Читать книгу Суламифь и царица Савская. Любовь царя Соломона - Группа авторов - Страница 10

Анна Листопад
Царь Соломон и Суламифь
Глава 10. Смерть братьев

Оглавление

Вернувшись в свой дом из Летнего дворца, Неарам, Нехам и Нирит – сыновья Ноаха – завели уже ставший привычным разговор о наследстве. Hoax отправился в мастерскую – труд наемников и учеников требовал неустанного внимания и контроля с его стороны.

Братья были одновременно похожи и не похожи друг на друга. Уже давно миновав возраст, когда мальчика торжественно посвящают в мужчины, каждый из них стал претендовать на отцовское наследство. Наследство же заключалось в гончарной мастерской, которая пусть и не давала возможности купаться в деньгах, однако приносила постоянный доход – и почет: Hoax слыл искусным мастером своего дела. Знаток глины, хорошо разбиравшийся в тонкостях росписи и обжига, он обладал тонким вкусом. Поэтому не только посуда, лампы и другая домашняя утварь практического назначения, вышедшие из печей Ноаха, ценились горожанами. Со временем чуткие и талантливые руки гончара научились создавать изящные статуэтки, изысканные вазы и украшения.

Отдавая все свое время ремеслу, Hoax и не заметил, как похоронил жену, как выросли его дети. Как так случилось, что сыновья не впитали его трепетного отношения к труду и усердию, – Hoax сам не знал.

Неарам, самый старший, был тучен и добродушен. Кудрявые жесткие волосы его, словно овечья шерсть, плотно покрывали круглую голову с женоподобным лицом. Близорукие глаза часто щурились, а нос мелко и нервно подергивался – особенно когда Неарам, завидев на улице или в лавке женщину, до крайней степени смущался и в панике стремился бежать от девичьих глаз. Громкий и рассудительный за вечерней трапезой среди братьев, временами он был чрезвычайно стыдлив и робок.

Нехам, напротив, слыл оборотистым и расчетливым малым. Он успешно торговал в лавке отца и, по словам последнего, мог продать все что угодно кому угодно. В отличие от Неарама, Нехам был заядлым любителем женщин и посещал блудниц – коих в Иерусалиме было в избытке. Хоть Соломон и издал указ, запрещавший израильтянкам заниматься постыдным заработком, зато женщины, урожденные в ином племени, потакали развратным наклонностям иерусалимских мужчин. Даже Hoax, искренне любивший свою жену, которая умерла несколько лет назад от горловой болезни, еще при жизни оной удовлетворял свои страсти на стороне: энергичному и творческому началу его были не свойственны постоянство и однолюбие.

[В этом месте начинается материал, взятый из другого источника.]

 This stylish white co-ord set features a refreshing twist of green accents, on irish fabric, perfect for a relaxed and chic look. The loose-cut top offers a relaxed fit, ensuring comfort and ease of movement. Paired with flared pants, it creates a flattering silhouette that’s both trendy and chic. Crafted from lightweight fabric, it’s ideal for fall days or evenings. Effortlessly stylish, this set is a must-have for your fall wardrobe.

Между тем во время дневного отдыха, когда многие предпочитали вздремнуть в тени раскидистой широколистной смоковницы, он любил оставаться в мастерской один. Не только всевозможные кувшины и вазы были плодом его чутких умелых рук. Истинное удовольствие получал он, когда недлинные пальцы его прикасались к упругой глине, властно и глубоко осмысленно мяли ее – и теплые нервные токи передавались от кончиков пальцев к голове, сердцу, чреслам, возбуждая почти любовную истому и экстаз. По мановению волшебства из бесформенного и на первый взгляд бездушного куска глины выходили у него искусно созданные изваяния – женские божества, детские и девичьи фигурки, сплетенные в объятии тела и исторгающие магические звуки животные. Особенно любил Hoax воспевать красоту женского тела: полногрудые пышнотелые статуэтки словно сами вырастали в его руках, памятуя о своей прародительнице – земле, из которой извлекли их пытливый ум гончара и его мастерство.

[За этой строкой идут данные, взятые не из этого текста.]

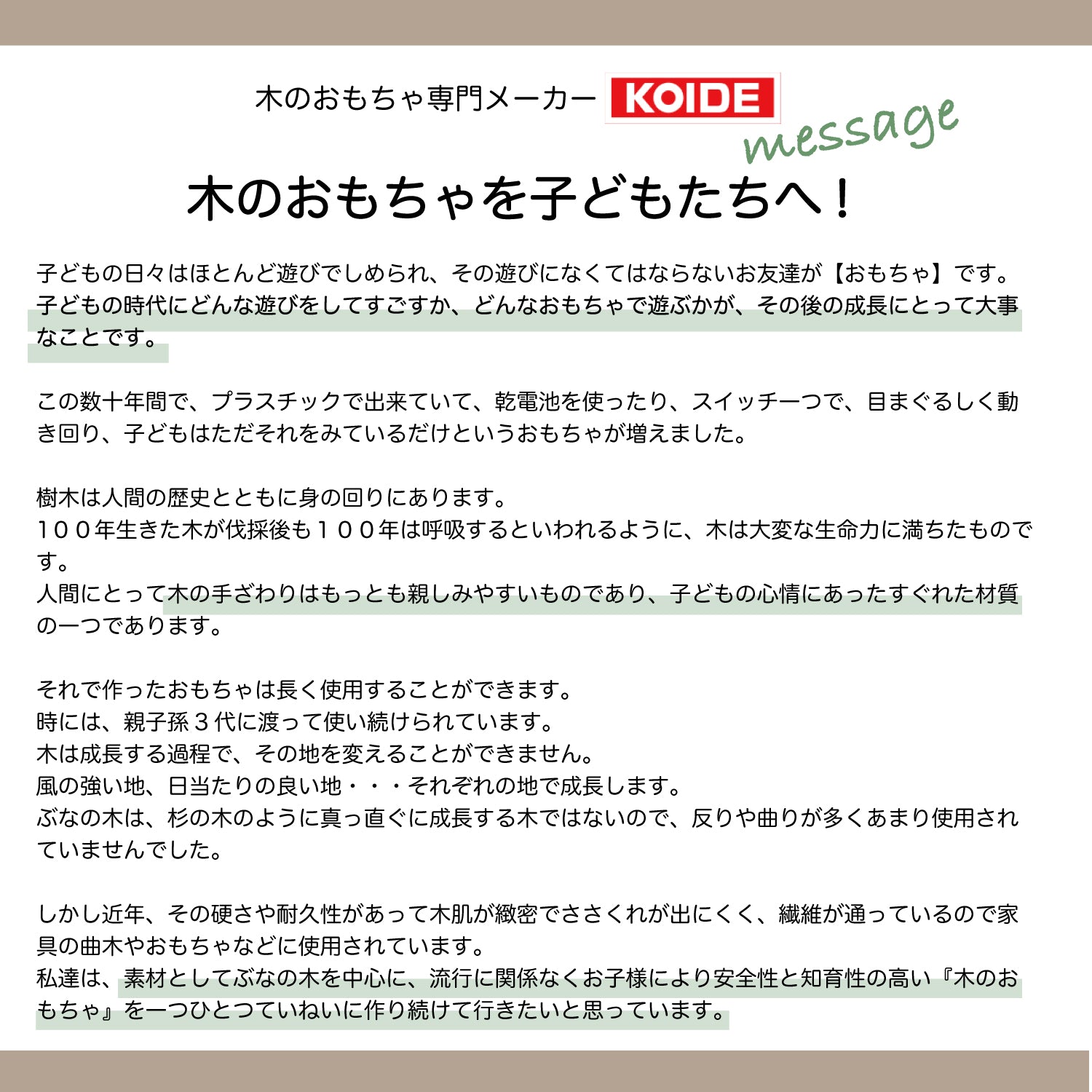 ▶木のおもちゃ専門メーカーKOIDE メッセージ

Пожалуй, только Нирит более или менее понимал отца. В отличие от простоватого и бесхитростного Неарама и сладострастного, до беспринципности раскованного и распущенного Нехама только Нирит обладал в достаточной мере уравновешенным характером и эстетическим чутьем. Недолго нянчила его мать, зато нежность ее навсегда запомнилась младшему сыну. Будто предчувствуя свою преждевременную кончину и понимая, что подобный опыт – вскармливание и воспитание младенца – последний в ее жизни, покойная жена Ноаха долго не отпускала от себя мальчика. Она разговаривала с ним о том, что знала, о том, что чувствовала, и они вместе искали причины время от времени возникающей грусти или радости. Может быть, поэтому Нирит умел видеть в отце то, что Hoax скрывал ото всех. Hoax горячо и пылко любил свою жену, но выказывал это очень скупо и стыдливо, стесняясь своей ранимости и, как ему казалось, уязвимости. Hoax досадовал на себя за приверженность плотским утехам, но справиться с разрушительными наклонностями не мог: он привык искать и получать новые удовольствия и яркие впечатления. А глина, не в пример жене, не требовала нравственных отчетов и слов оправдания. Она, такая упругая и твердая, подчинялась ему беспрекословно и становилась тем, чем он хотел ее видеть. Поэтому и стала она большой и важной, сокровенной частью его бытия.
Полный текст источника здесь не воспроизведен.